Another thing that has been bothering me is that you have to write the goal in input space. That doesn’t align with all problems, for some problems there could be many different states that satisfy a goal. For Mario maybe it’s ok, but there’s some weirdness still, like should the goal state be Mario at the finish line of the level with a specific timer state in the frame header? What about optimizing the number of points?
Also it’s interesting to think about how you would get Mario to reliably jump on koopas and goombas. IIUC JEPA models are usually trained with random rollouts, and then you’d handle this sort of intermediate goal in the planning optimizer?
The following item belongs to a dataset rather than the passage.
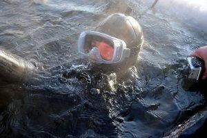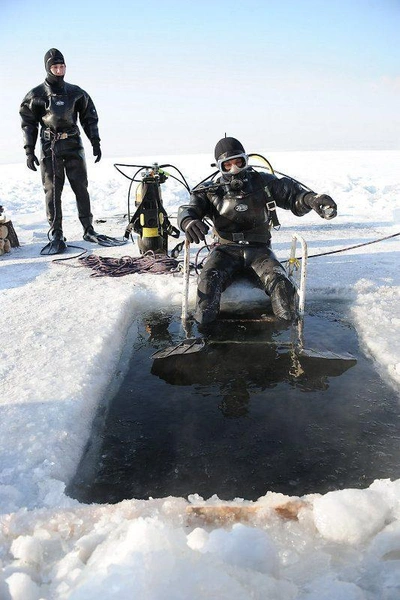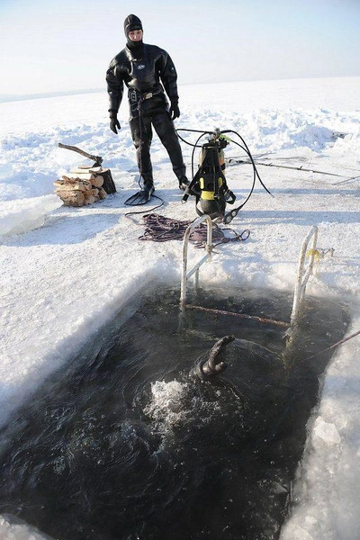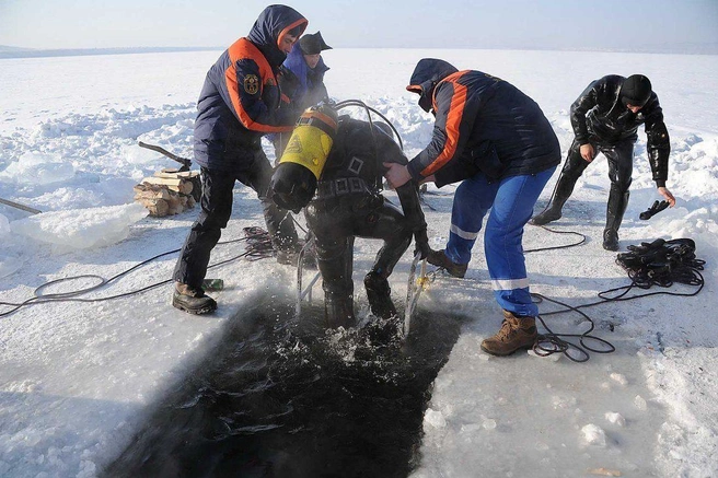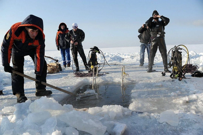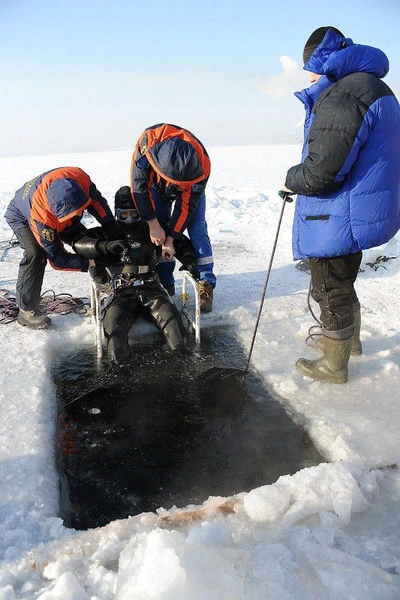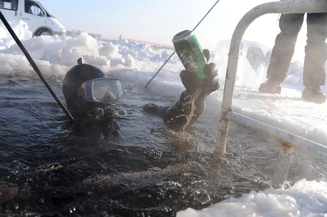 Водолазы говорят, что под водой не холодно, а сквозь лёд на глубине около 4-х метров проникает достаточно света, чтобы не пользоваться фонарями. С собой на глубину спасатели берут видеокамеру, с первого же погружения достают жестяную банку из-под пива.

But that seems inefficient, and including some planning in the pretraining rollouts might be necessary to get enough relevant intermediate states. And then it starts feeling like reinforcement learning…
I’d be happy to have a check on my intuition here, or pointers to interesting writing on these topics
p.s. on topic, I liked the debugging strategies used in the blog post, that was my favorite part of the writeup
So for a system where it’s very difficult to exactly reach the desired end state, the model needs to choose between (for example):
- reaching a relatively achievable scene where 95% of the features in the latent are correct, which includes stuff like visible enemies, Mario’s position on the screen etc
- reaching a far more difficult to access scene where there’s a bunch of differences in the actual level visuals, but theres a match on the latent for the tiny set of pixels in HUD that indicate you’ve hit the victory condition
We obviously know that it’s not good enough to reach an early scene that looks similar to the victory condition but isn’t. The model doesn’t.
In a sense, this is what the linear probe helps with - it allows us to re-weight the latent and say “actually, while the latent encodes many things about the world, the thing we really care about is the X position.”
I’d be curious what happened if rather than planning actions on cross entropy of a final scene, the model just tried to find the actions that maximize the predicted X value of the probe.
The only problem I have with planing in latent space is that it can be really noisy and not representative of the positions in the game (the latent are trained for semantic, so the optimizer can focus a set of specific features and can skip positions, which means it cannot know "where" to go by optimizing on the latents directly).